= Beginning of Section =
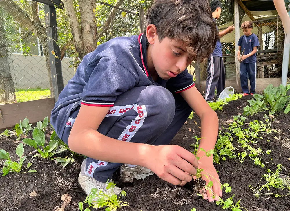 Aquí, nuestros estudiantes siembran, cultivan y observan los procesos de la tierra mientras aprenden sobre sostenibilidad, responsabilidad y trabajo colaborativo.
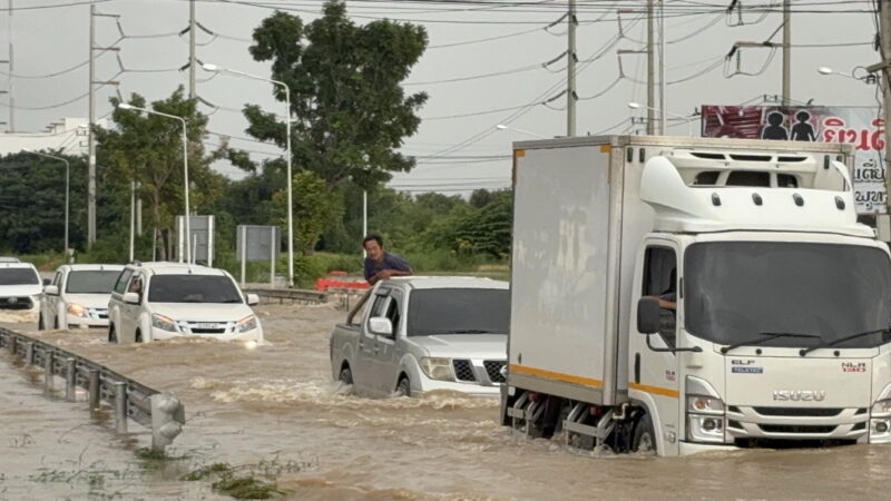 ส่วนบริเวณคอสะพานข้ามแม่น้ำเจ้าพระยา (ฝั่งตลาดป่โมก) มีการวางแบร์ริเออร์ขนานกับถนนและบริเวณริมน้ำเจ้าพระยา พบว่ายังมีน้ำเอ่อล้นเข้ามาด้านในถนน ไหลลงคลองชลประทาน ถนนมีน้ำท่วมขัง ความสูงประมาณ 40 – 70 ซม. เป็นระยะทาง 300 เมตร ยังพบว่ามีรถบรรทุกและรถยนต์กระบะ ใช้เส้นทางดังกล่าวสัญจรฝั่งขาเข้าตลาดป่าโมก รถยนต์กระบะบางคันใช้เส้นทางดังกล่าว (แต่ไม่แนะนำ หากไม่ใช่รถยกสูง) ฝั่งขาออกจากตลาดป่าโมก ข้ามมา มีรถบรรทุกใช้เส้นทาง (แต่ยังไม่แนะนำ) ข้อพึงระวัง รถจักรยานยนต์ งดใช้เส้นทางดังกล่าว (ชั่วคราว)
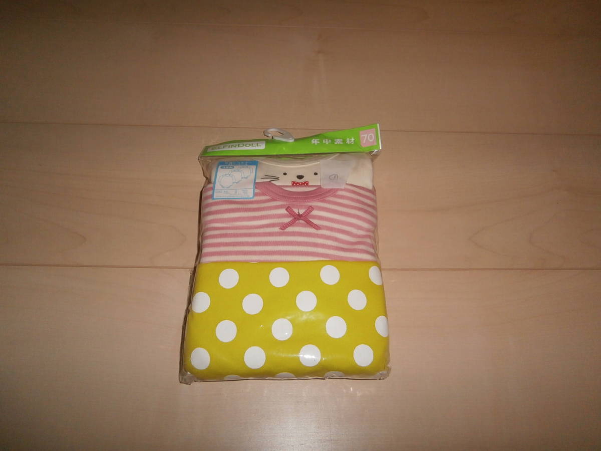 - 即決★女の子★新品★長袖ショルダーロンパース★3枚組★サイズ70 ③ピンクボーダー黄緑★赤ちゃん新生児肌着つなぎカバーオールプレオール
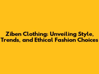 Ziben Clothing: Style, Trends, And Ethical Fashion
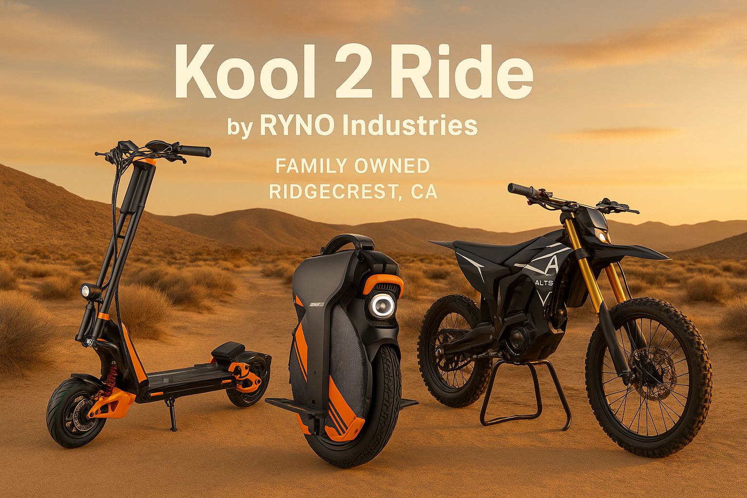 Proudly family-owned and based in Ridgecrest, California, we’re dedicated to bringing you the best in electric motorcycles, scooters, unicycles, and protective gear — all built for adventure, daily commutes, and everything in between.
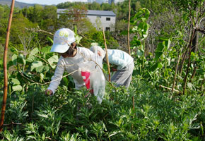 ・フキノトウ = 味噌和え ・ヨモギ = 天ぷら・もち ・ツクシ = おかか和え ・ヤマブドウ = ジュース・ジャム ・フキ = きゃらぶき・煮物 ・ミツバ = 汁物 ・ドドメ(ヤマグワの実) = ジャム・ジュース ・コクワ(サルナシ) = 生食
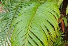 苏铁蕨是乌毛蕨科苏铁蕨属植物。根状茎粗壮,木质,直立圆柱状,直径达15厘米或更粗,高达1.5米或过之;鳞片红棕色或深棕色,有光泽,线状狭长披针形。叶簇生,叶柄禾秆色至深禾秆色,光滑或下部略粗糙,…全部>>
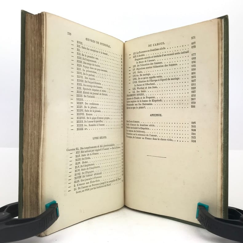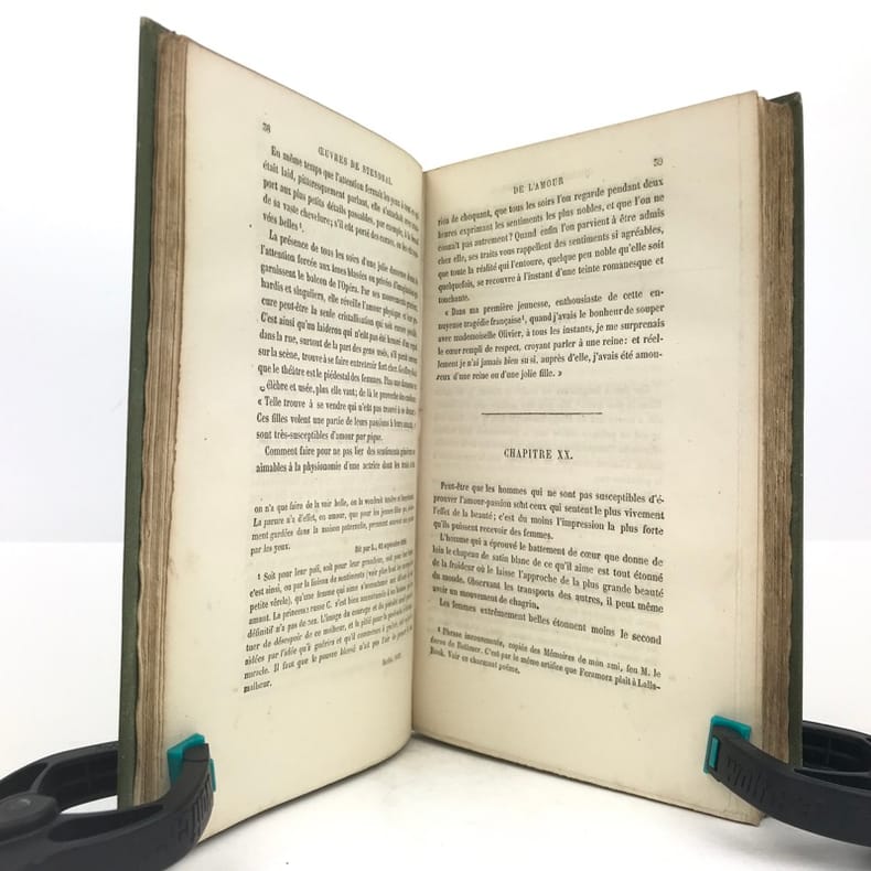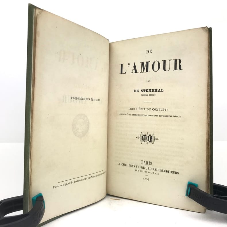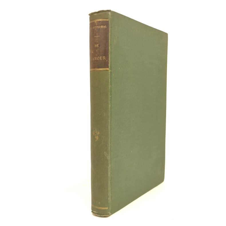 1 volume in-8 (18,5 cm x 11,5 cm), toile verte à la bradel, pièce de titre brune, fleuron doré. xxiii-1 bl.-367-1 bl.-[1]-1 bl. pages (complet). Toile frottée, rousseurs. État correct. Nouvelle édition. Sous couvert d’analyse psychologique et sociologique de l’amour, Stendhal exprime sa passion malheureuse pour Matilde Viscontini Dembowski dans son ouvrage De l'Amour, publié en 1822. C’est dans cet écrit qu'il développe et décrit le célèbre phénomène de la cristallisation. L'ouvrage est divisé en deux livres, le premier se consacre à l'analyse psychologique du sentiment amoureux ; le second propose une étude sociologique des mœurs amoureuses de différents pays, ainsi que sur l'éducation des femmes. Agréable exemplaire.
= End of Section =
The answer must be the full listing above, copied exactly, with no pictures in it.

# [WORKED SOLUTION]
 Aquí, nuestros estudiantes siembran, cultivan y observan los procesos de la tierra mientras aprenden sobre sostenibilidad, responsabilidad y trabajo colaborativo.
 ส่วนบริเวณคอสะพานข้ามแม่น้ำเจ้าพระยา (ฝั่งตลาดป่โมก) มีการวางแบร์ริเออร์ขนานกับถนนและบริเวณริมน้ำเจ้าพระยา พบว่ายังมีน้ำเอ่อล้นเข้ามาด้านในถนน ไหลลงคลองชลประทาน ถนนมีน้ำท่วมขัง ความสูงประมาณ 40 – 70 ซม. เป็นระยะทาง 300 เมตร ยังพบว่ามีรถบรรทุกและรถยนต์กระบะ ใช้เส้นทางดังกล่าวสัญจรฝั่งขาเข้าตลาดป่าโมก รถยนต์กระบะบางคันใช้เส้นทางดังกล่าว (แต่ไม่แนะนำ หากไม่ใช่รถยกสูง) ฝั่งขาออกจากตลาดป่าโมก ข้ามมา มีรถบรรทุกใช้เส้นทาง (แต่ยังไม่แนะนำ) ข้อพึงระวัง รถจักรยานยนต์ งดใช้เส้นทางดังกล่าว (ชั่วคราว)
 - 即決★女の子★新品★長袖ショルダーロンパース★3枚組★サイズ70 ③ピンクボーダー黄緑★赤ちゃん新生児肌着つなぎカバーオールプレオール
 Ziben Clothing: Style, Trends, And Ethical Fashion
 Proudly family-owned and based in Ridgecrest, California, we’re dedicated to bringing you the best in electric motorcycles, scooters, unicycles, and protective gear — all built for adventure, daily commutes, and everything in between.
 ・フキノトウ = 味噌和え ・ヨモギ = 天ぷら・もち ・ツクシ = おかか和え ・ヤマブドウ = ジュース・ジャム ・フキ = きゃらぶき・煮物 ・ミツバ = 汁物 ・ドドメ(ヤマグワの実) = ジャム・ジュース ・コクワ(サルナシ) = 生食
 苏铁蕨是乌毛蕨科苏铁蕨属植物。根状茎粗壮,木质,直立圆柱状,直径达15厘米或更粗,高达1.5米或过之;鳞片红棕色或深棕色,有光泽,线状狭长披针形。叶簇生,叶柄禾秆色至深禾秆色,光滑或下部略粗糙,…全部>>
 1 volume in-8 (18,5 cm x 11,5 cm), toile verte à la bradel, pièce de titre brune, fleuron doré. xxiii-1 bl.-367-1 bl.-[1]-1 bl. pages (complet). Toile frottée, rousseurs. État correct. Nouvelle édition. Sous couvert d’analyse psychologique et sociologique de l’amour, Stendhal exprime sa passion malheureuse pour Matilde Viscontini Dembowski dans son ouvrage De l'Amour, publié en 1822. C’est dans cet écrit qu'il développe et décrit le célèbre phénomène de la cristallisation. L'ouvrage est divisé en deux livres, le premier se consacre à l'analyse psychologique du sentiment amoureux ; le second propose une étude sociologique des mœurs amoureuses de différents pays, ainsi que sur l'éducation des femmes. Agréable exemplaire.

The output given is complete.